*WHAT TO WORK ON*
Skip the pictures and write out, word for word, the lines below from the one with "Termijnprijzen voor 2027" through the one with "Telescopic Shower Shelf", inclusive.

____ INPUT DATA

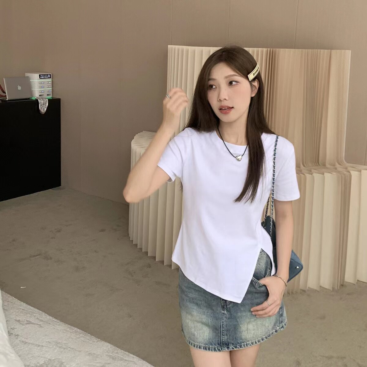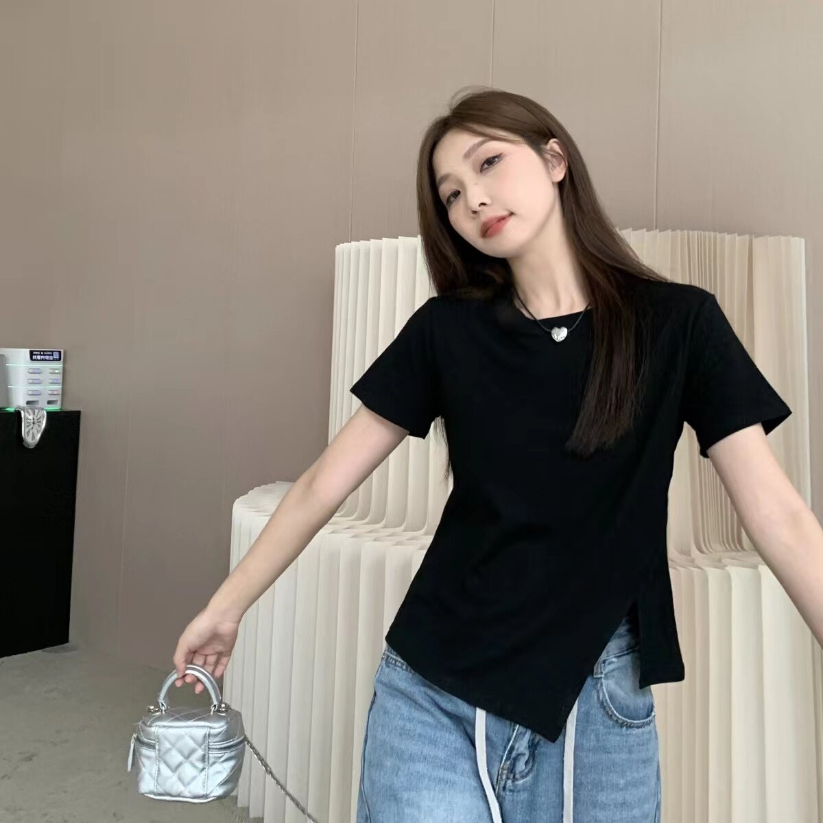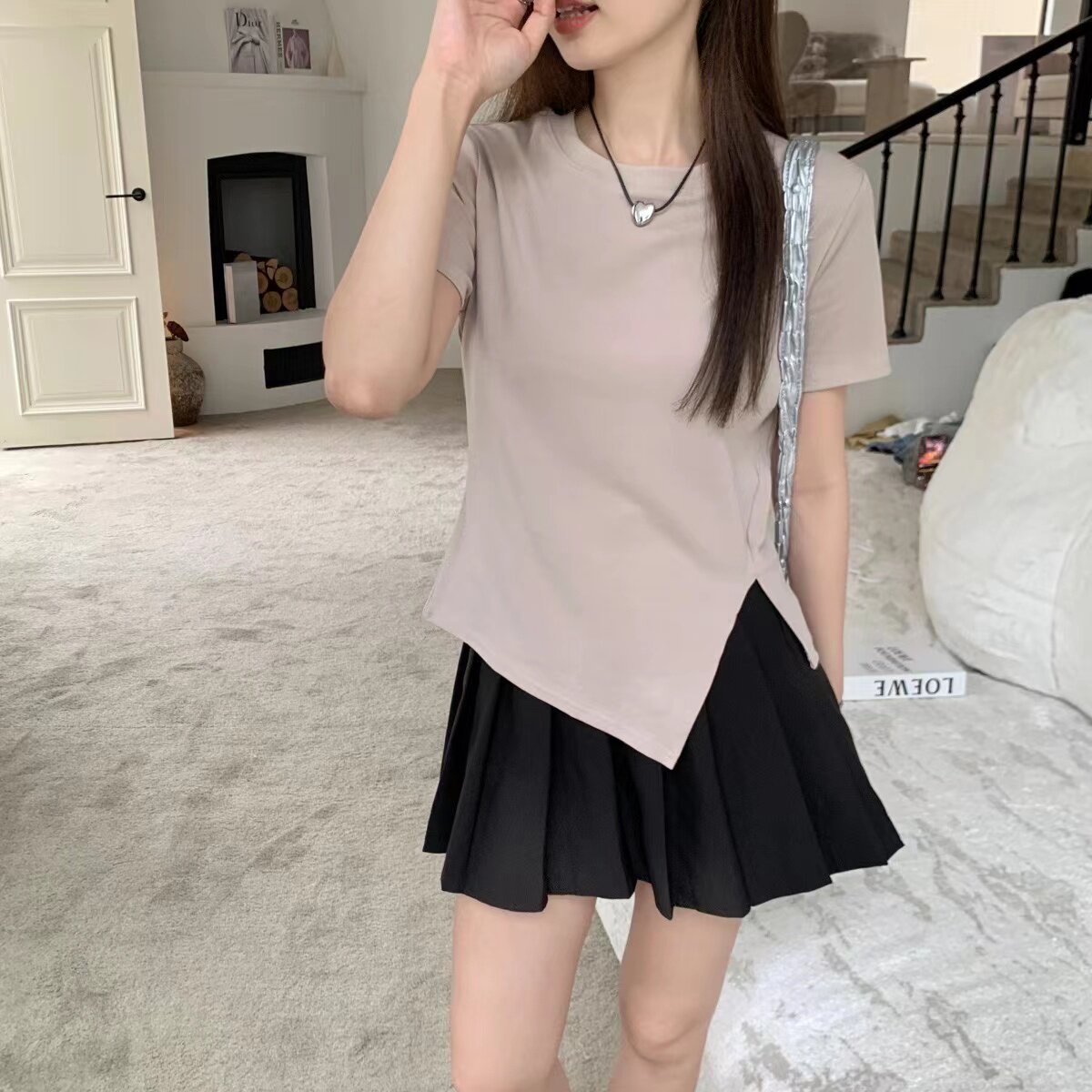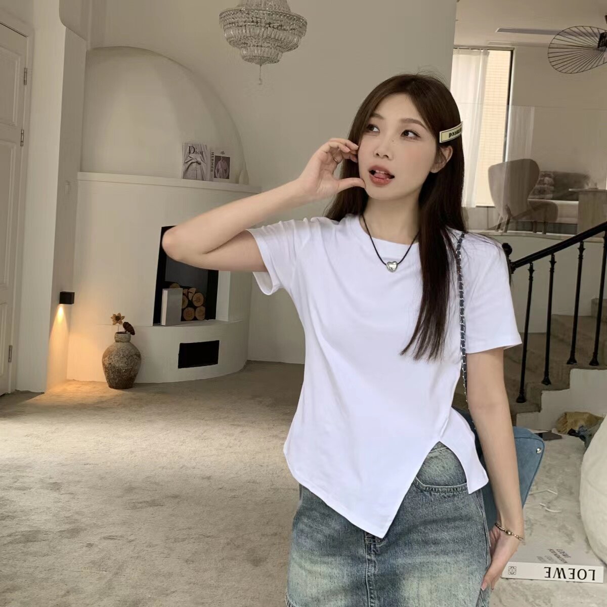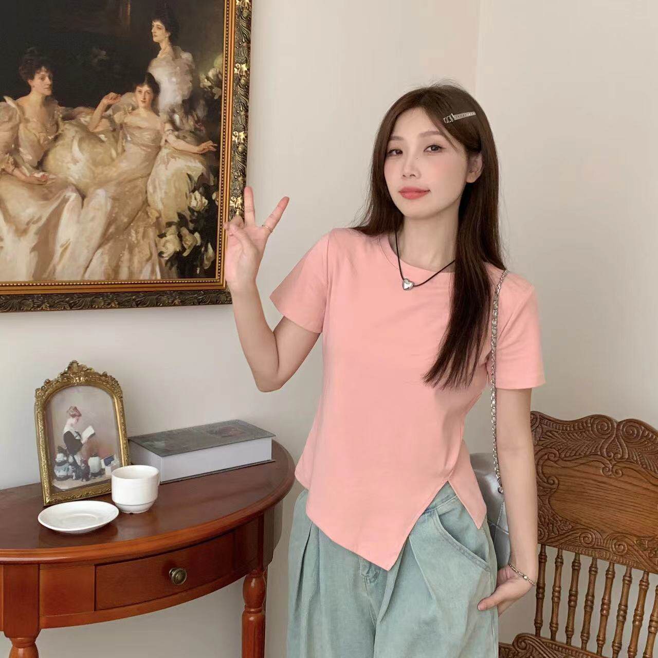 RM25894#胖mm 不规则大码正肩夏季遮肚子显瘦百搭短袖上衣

________
____ INPUT DATA

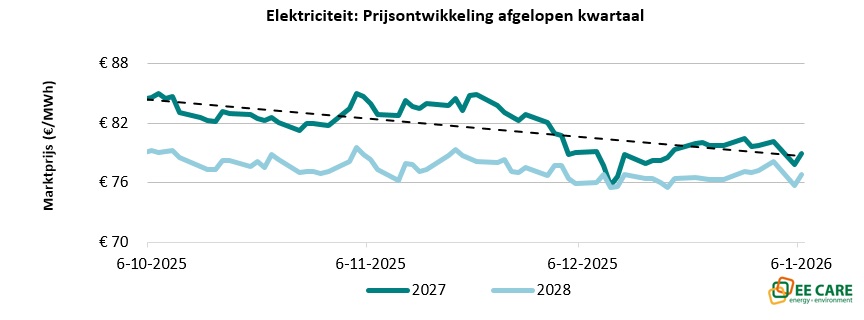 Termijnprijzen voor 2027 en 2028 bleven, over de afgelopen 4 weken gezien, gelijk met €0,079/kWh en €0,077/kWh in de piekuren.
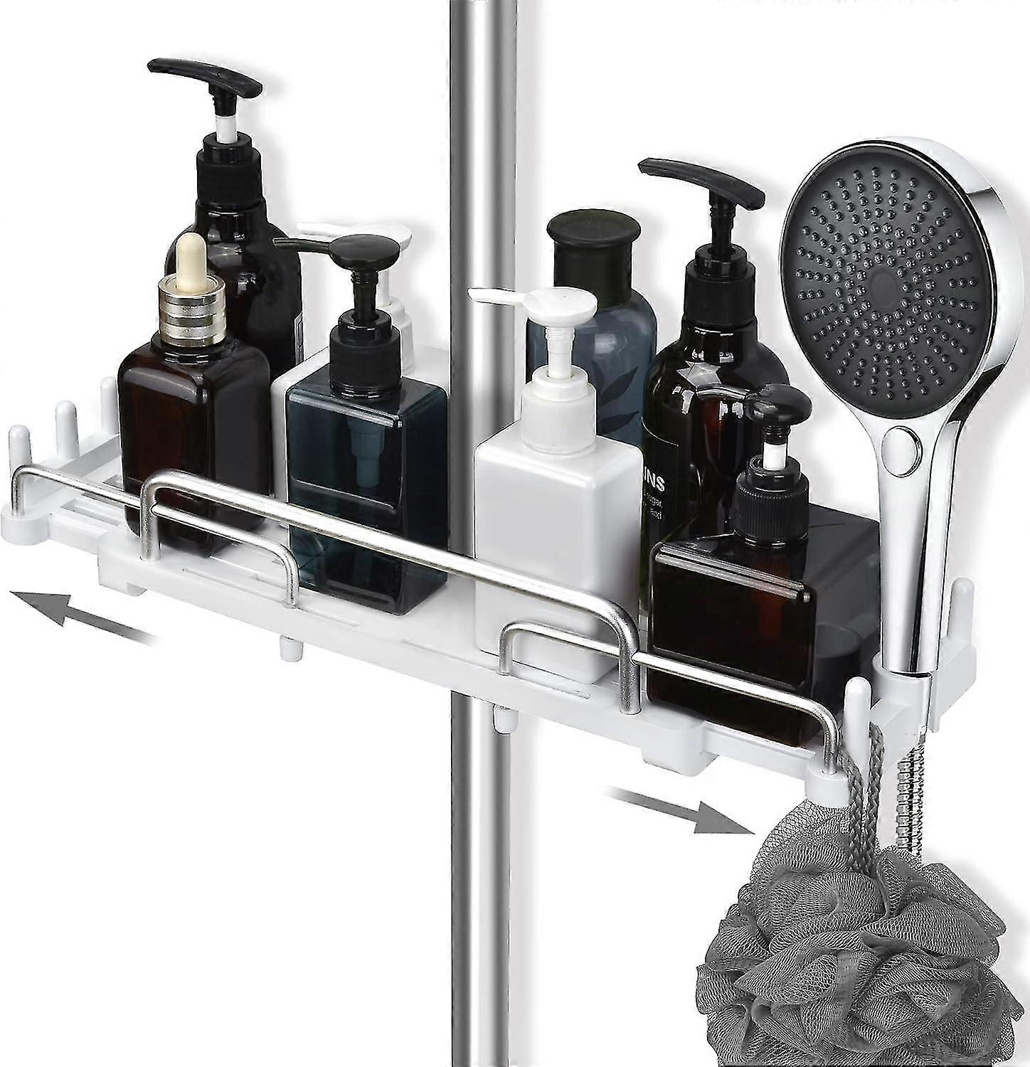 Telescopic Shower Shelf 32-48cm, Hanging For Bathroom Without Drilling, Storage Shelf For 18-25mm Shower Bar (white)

________

*EXERCISE OUTPUT*
 Termijnprijzen voor 2027 en 2028 bleven, over de afgelopen 4 weken gezien, gelijk met €0,079/kWh en €0,077/kWh in de piekuren.
 Telescopic Shower Shelf 32-48cm, Hanging For Bathroom Without Drilling, Storage Shelf For 18-25mm Shower Bar (white)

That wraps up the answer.